大道芸観覧レポート モノクロ・フィルムでつづるkemukemu

大道芸、昔の広告、昔のテレビ番組、中井久夫、フーコー

タルコフスキー語録 (5)

イメージ 1

「映像のポエジア」(キネマ旬報社)より(2)



現代人の大衆文化、消費者のために用意されたまがいものの文明は、
人間が魂を治癒しようとするとき、
人間存在の本質的問題をに向かおうとしたり、
あるいは自分自身を精神的なるものとして、自覚しようとするときに、
そこに至る道を、遮っているのである。


時間がなければ、記憶もまた存在しないということは、
まったく明らかである。
・・・・
記憶を欠くと人間は、虚妄の存在のなかに囚われてしまい、
時間から脱落し、自分に固有な外部世界との関係を確立することができなくなる。
つまり、彼は狂気を運命付けられてしまうのだ。
人間は、精神的な存在であり、同時に、記憶も付与されている。
・・・記憶はわれわれを弱点のある苦悩することが出来る存在にするのだ。
・・・人生というのは、人間に割りあてられた期間に他ならない。


過去はある意味で現在よりもはるかにリアルである。
あるいはどのような場合であれ、より安定した、揺るぎないものなのだ。
現在は、指の間からこぼれる砂のように、滑りおち、消えていくのだ。
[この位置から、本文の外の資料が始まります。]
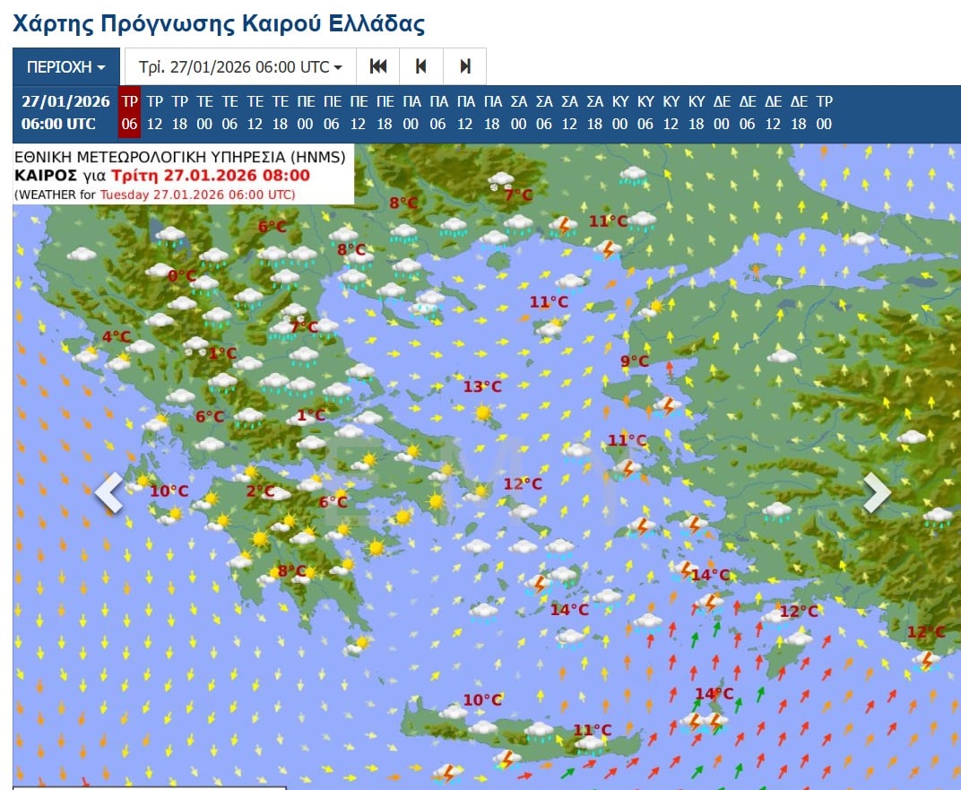 Ισχυρές βροχές, καταιγίδες και κατά τόπους χαλαζοπτώσεις συνθέτουν το σκηνικό του καιρού για σήμερα, Τρίτη, επηρεάζοντας κυρίως τα νησιά του Ανατολικού Αιγαίου, την Κρήτη και τα Δωδεκάνησα. Η κακοκαιρία συνοδεύεται από ενισχυμένους ανέμους και μικρή πτώση της θερμοκρασίας, ενώ σε ορεινές περιοχές της βόρειας Ελλάδας δεν αποκλείονται και ασθενείς χιονοπτώσεις. Οι πολίτες καλούνται να είναι προσεκτικοί, καθώς τα φαινόμενα κατά τόπους θα είναι έντονα, πριν παρουσιάσουν σταδιακή εξασθένηση και βελτίωση από αύριο.

・・・
時間はその痕跡を残さずに消えることはできない。・・・
われわれによって生きられた時間は、
時間のなかによこたわる経験としてわれわれの魂のなかに積もるのである。


・・・・・・
母がたって、手招きしている、
そばにいるみたいなのに、すぐそばまでいけない、
近づいたかと思うと、七歩先に立って、
手招きしている、近づいたかと思うと、
七歩先に立って、手招きしている。
・・・・・
母がきた、手招きをした-
そして飛び去っていった・・・
(アルセーニー・タルコフスキー<父>の詩)
そして、これがこの詩との係わりで私がずっと昔から夢見てきたイメージの流れである。
・・・・・・


イメージは非常に多くのことを意味しているので、
最終的意味を捉えることは不可能なのである。
・・・

古池や蛙飛びこむ水の音
雪ちるや穂屋も薄の刈の残し・・・
日本の詩人はたった三行(ロシア語訳では)で、現実にたいする関係を表現できた。
彼らは現実を観察しただけではない。
観察しながらその永遠の意味を、
せかせかしたり、あくせくしたりせずに、
呈示したのである。・・・・
観察は映画的映像の最も重要な基礎である。

イメージは、人生を意味づけたり、象徴したりするのではなく、
人生のユニークさを表現しながら、
具体化するのである。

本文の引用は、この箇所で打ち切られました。